Exercise goal
Produce a word-for-word copy of the lines from the one that contains "Royal Copenhagen covered" to the final line of the data below, with all pictures dropped.

(Items from a data source)

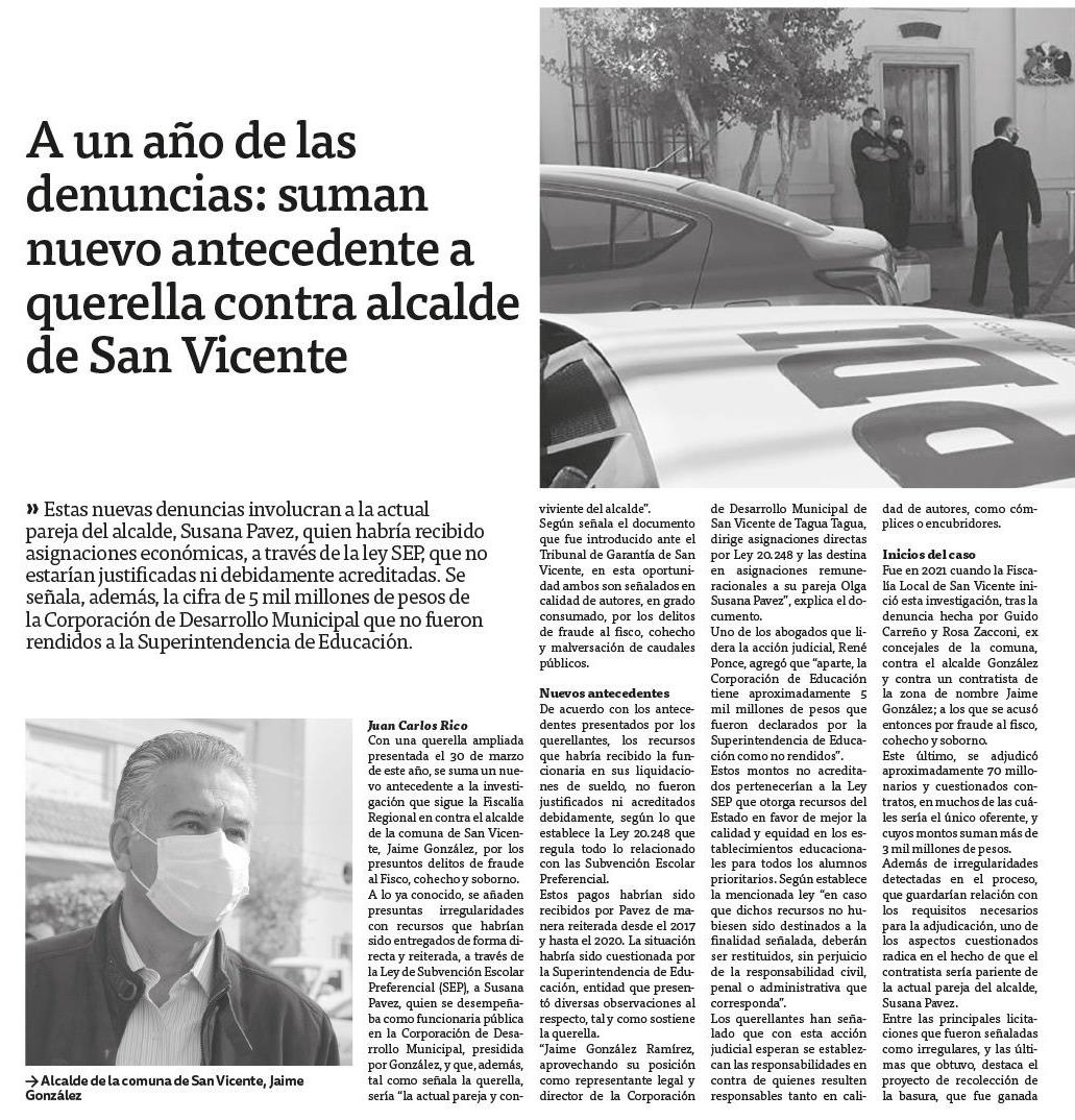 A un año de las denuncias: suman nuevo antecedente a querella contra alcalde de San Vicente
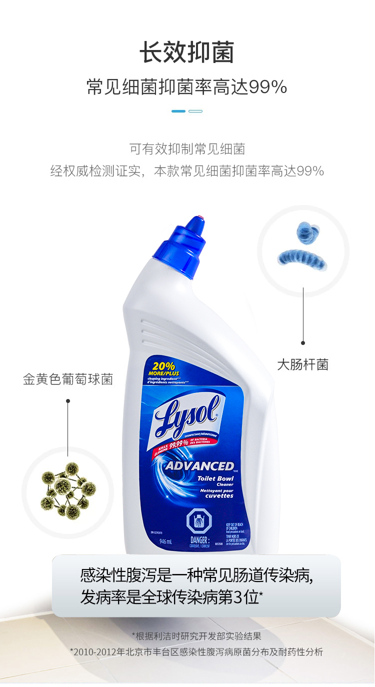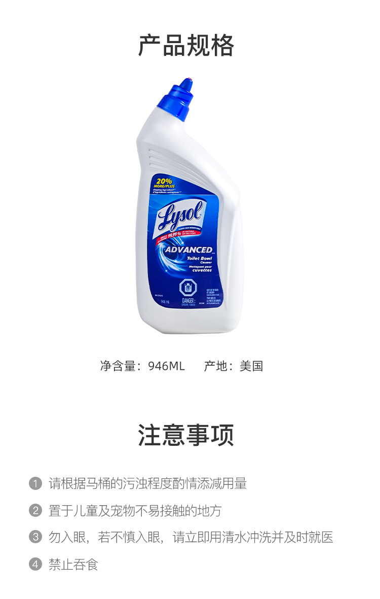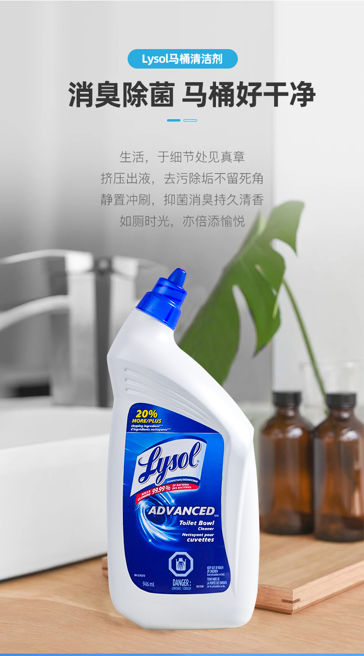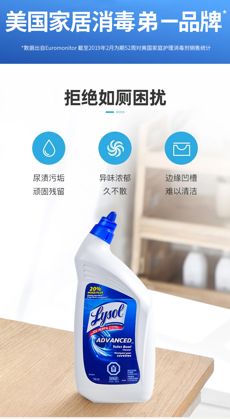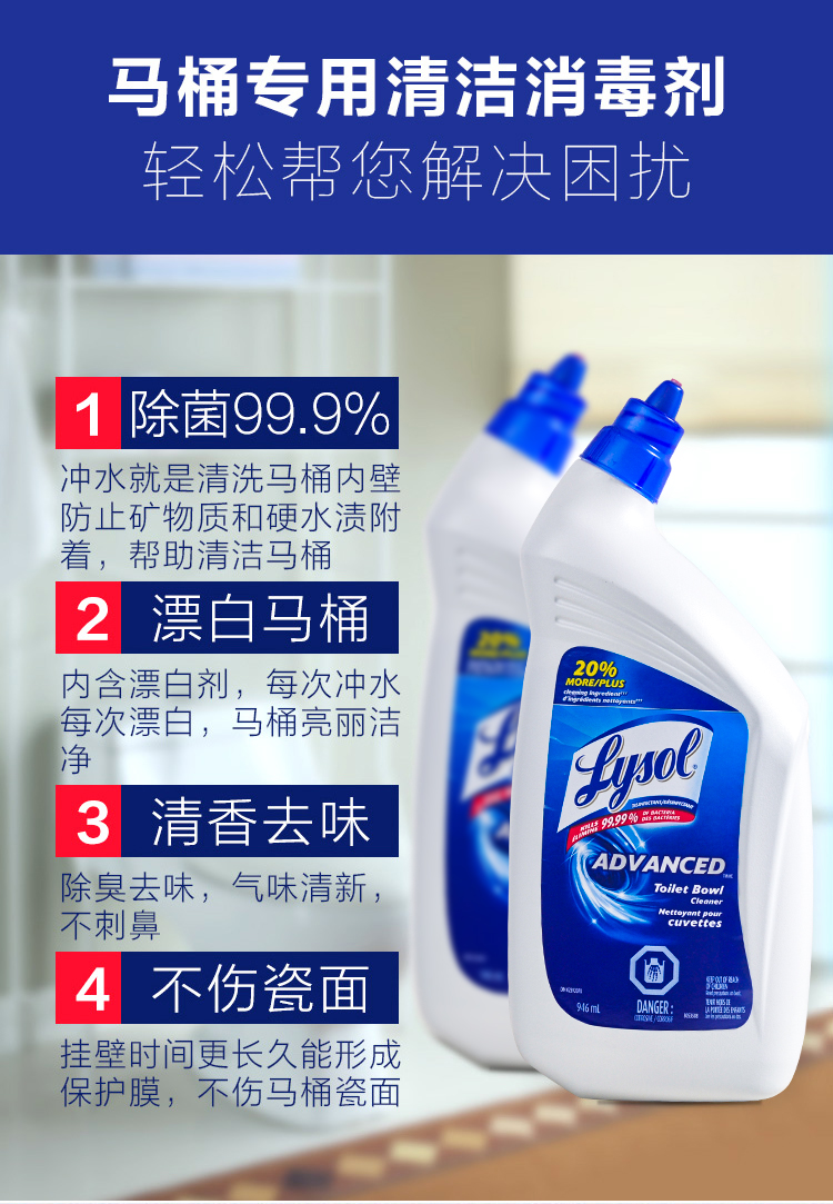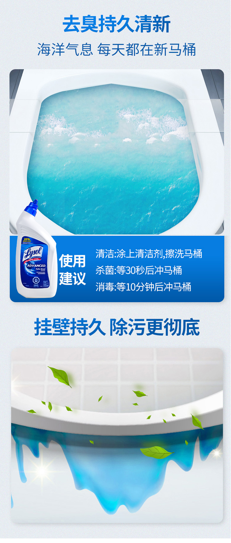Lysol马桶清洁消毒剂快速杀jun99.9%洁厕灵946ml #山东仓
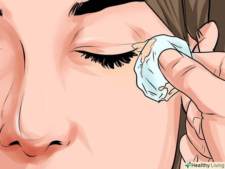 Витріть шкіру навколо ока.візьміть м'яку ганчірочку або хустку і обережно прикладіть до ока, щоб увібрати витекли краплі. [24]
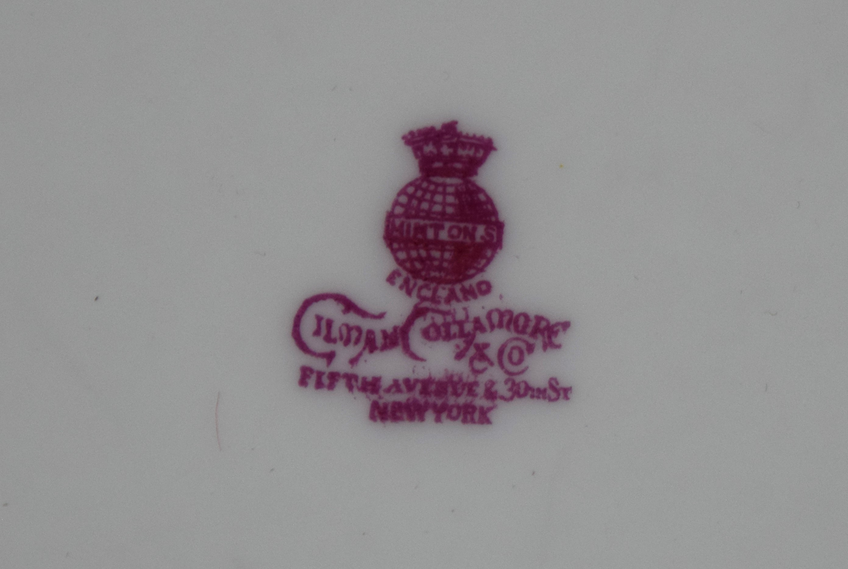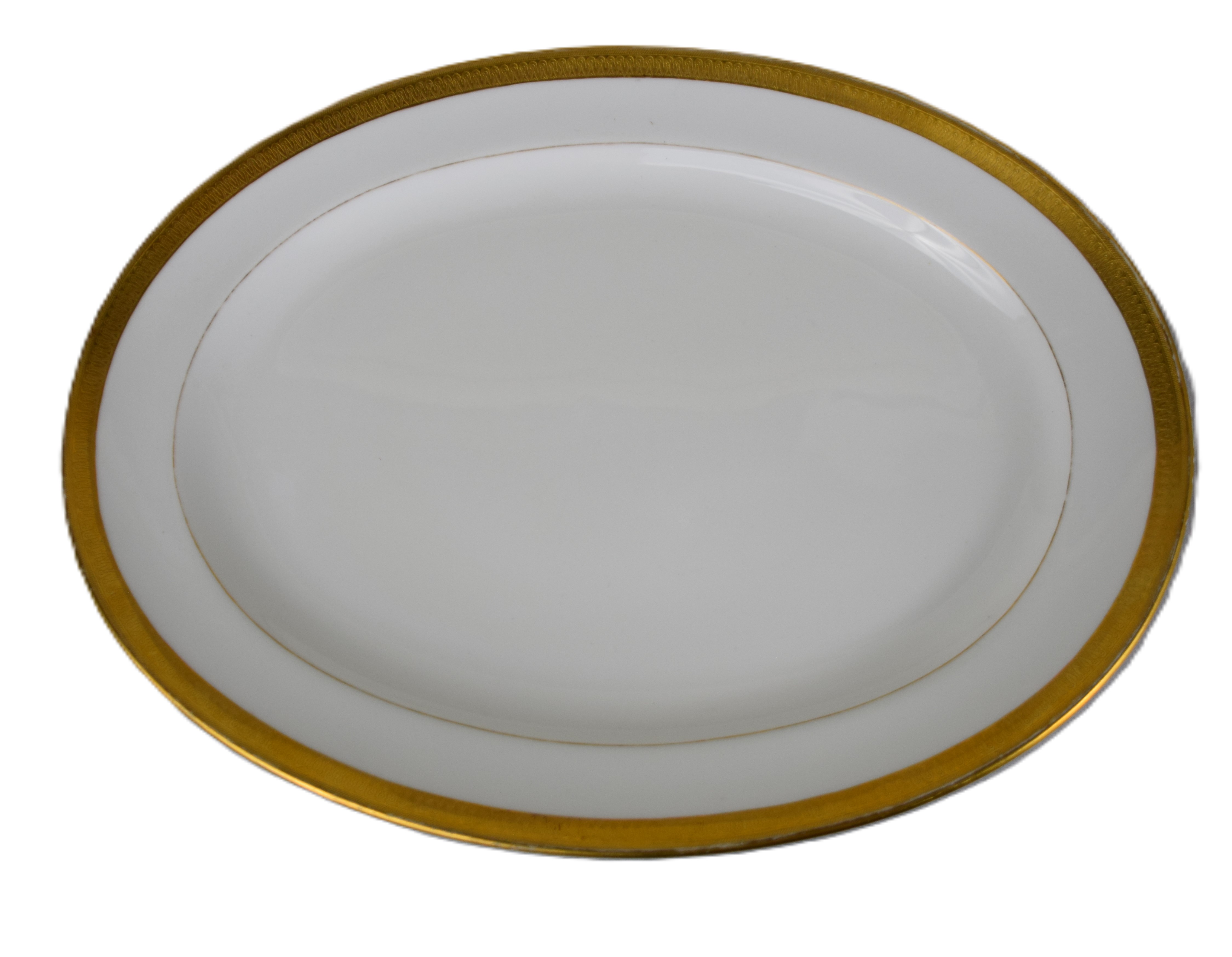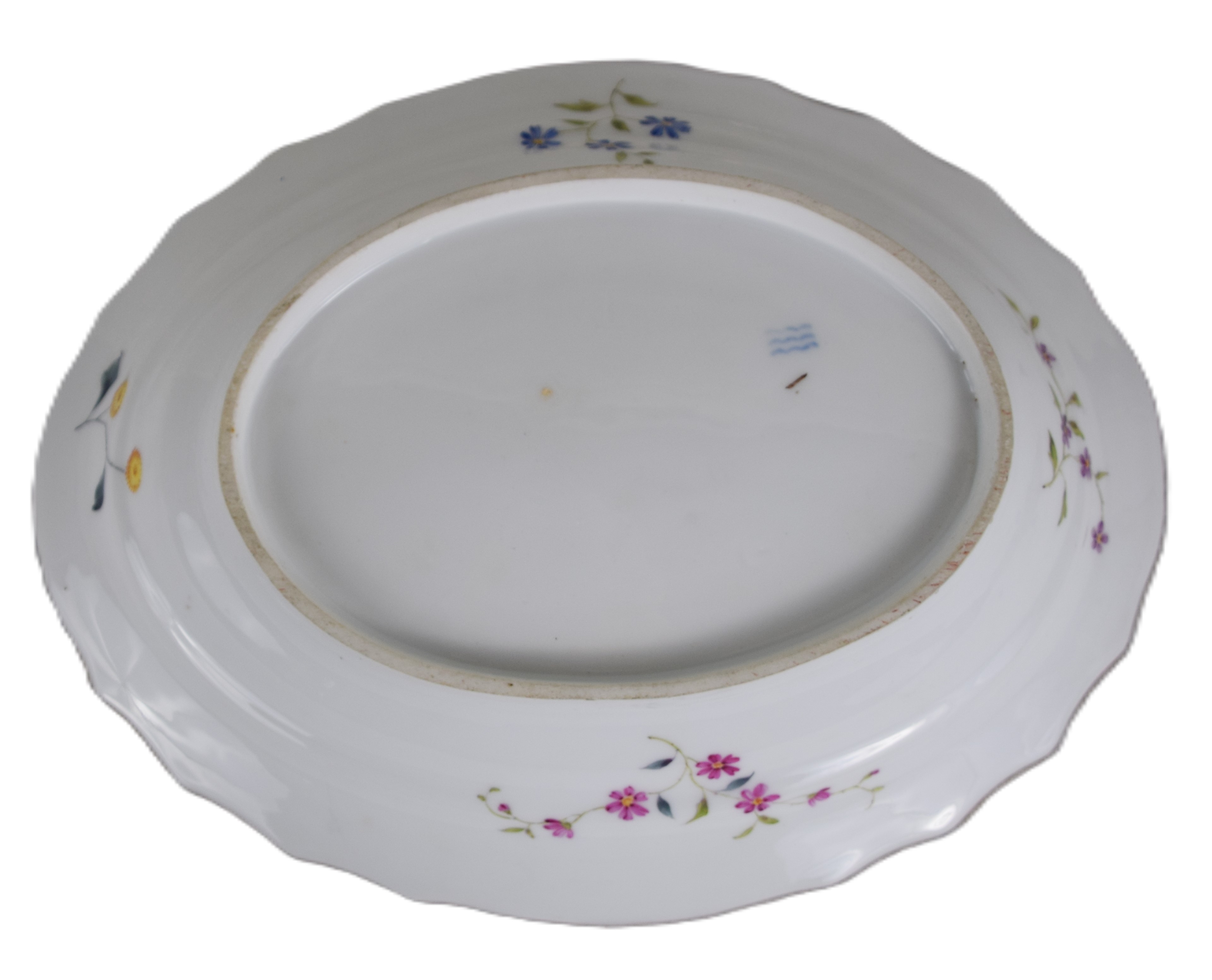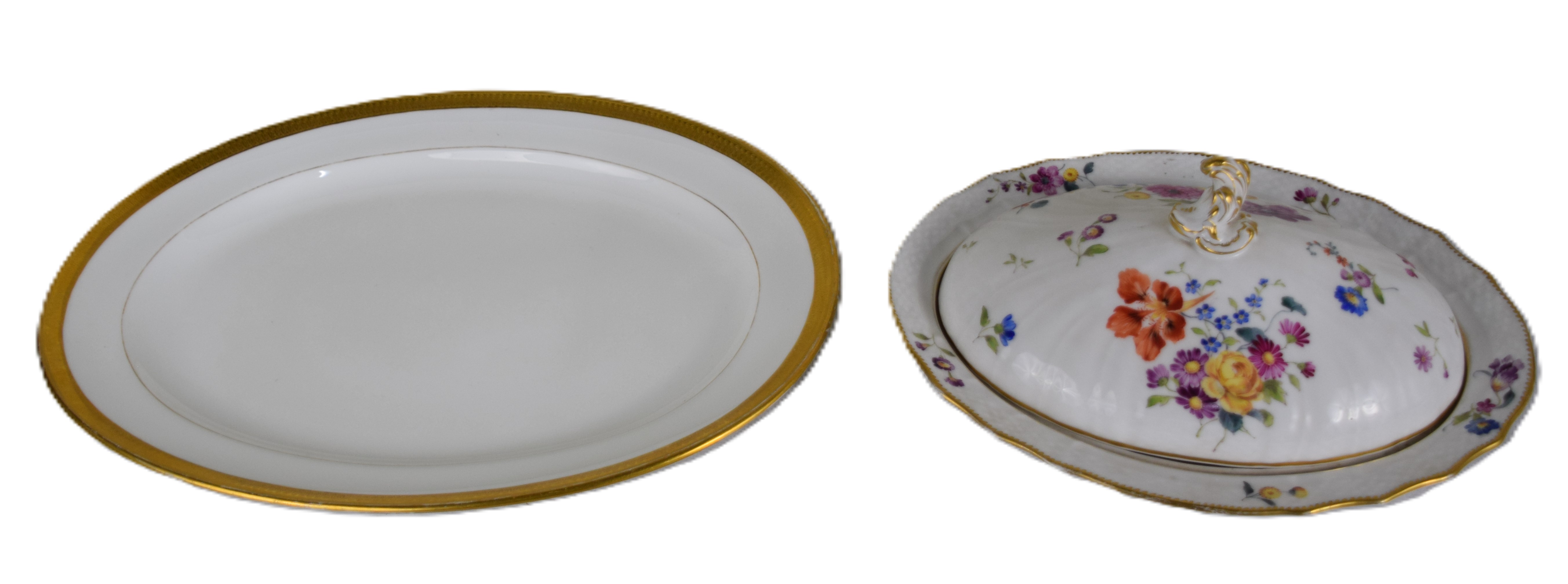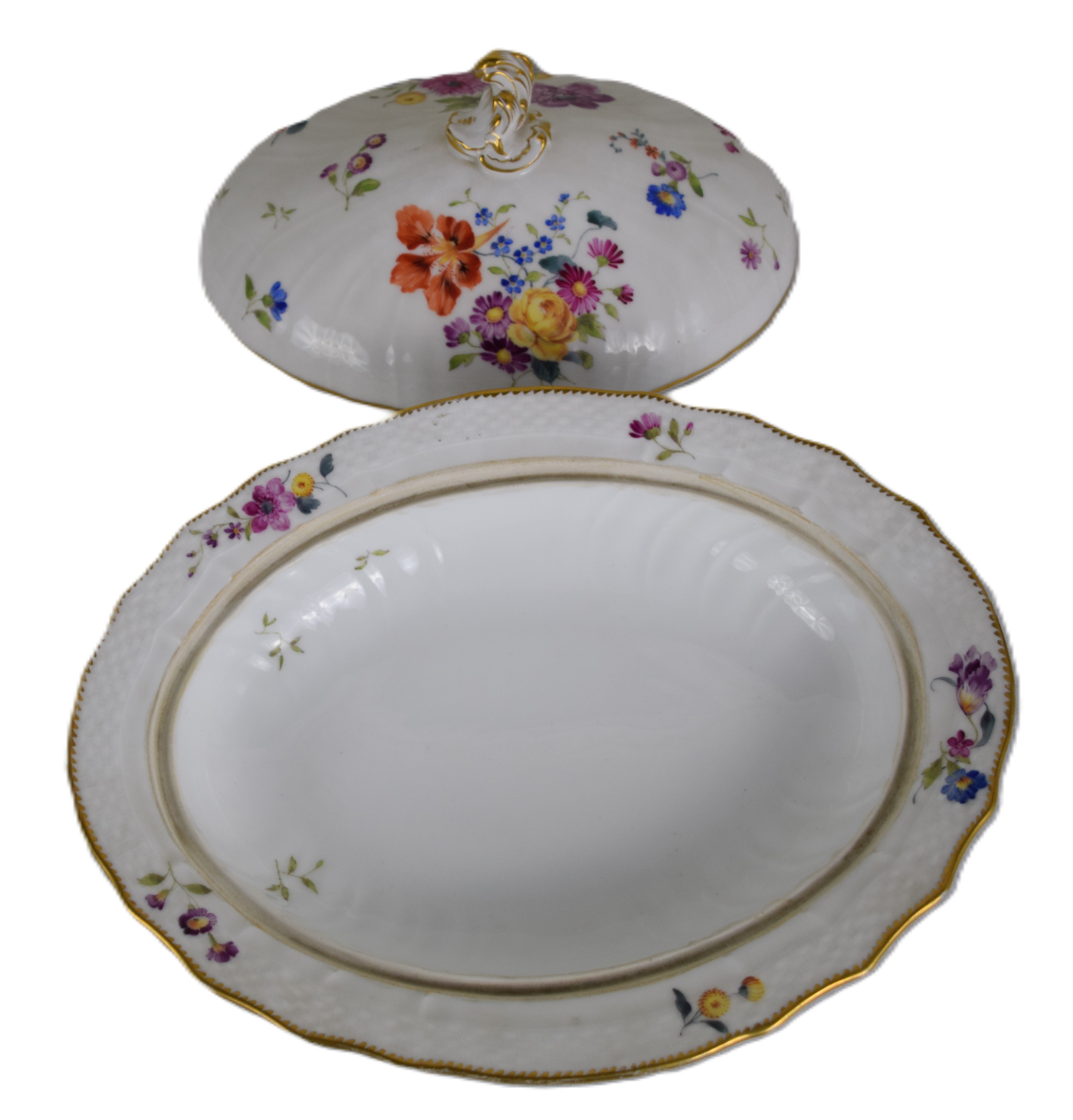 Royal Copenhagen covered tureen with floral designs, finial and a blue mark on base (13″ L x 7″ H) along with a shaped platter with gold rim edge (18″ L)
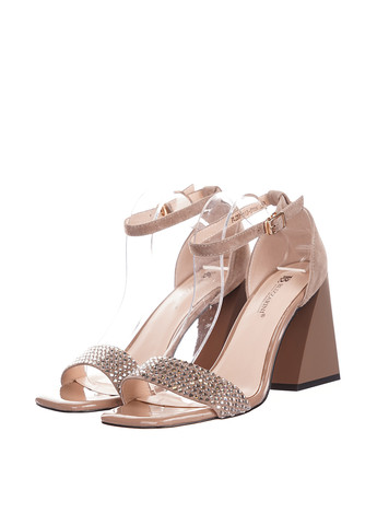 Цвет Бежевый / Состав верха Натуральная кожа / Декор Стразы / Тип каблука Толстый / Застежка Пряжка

Exercise answer
 Royal Copenhagen covered tureen with floral designs, finial and a blue mark on base (13″ L x 7″ H) along with a shaped platter with gold rim edge (18″ L)
 Цвет Бежевый / Состав верха Натуральная кожа / Декор Стразы / Тип каблука Толстый / Застежка Пряжка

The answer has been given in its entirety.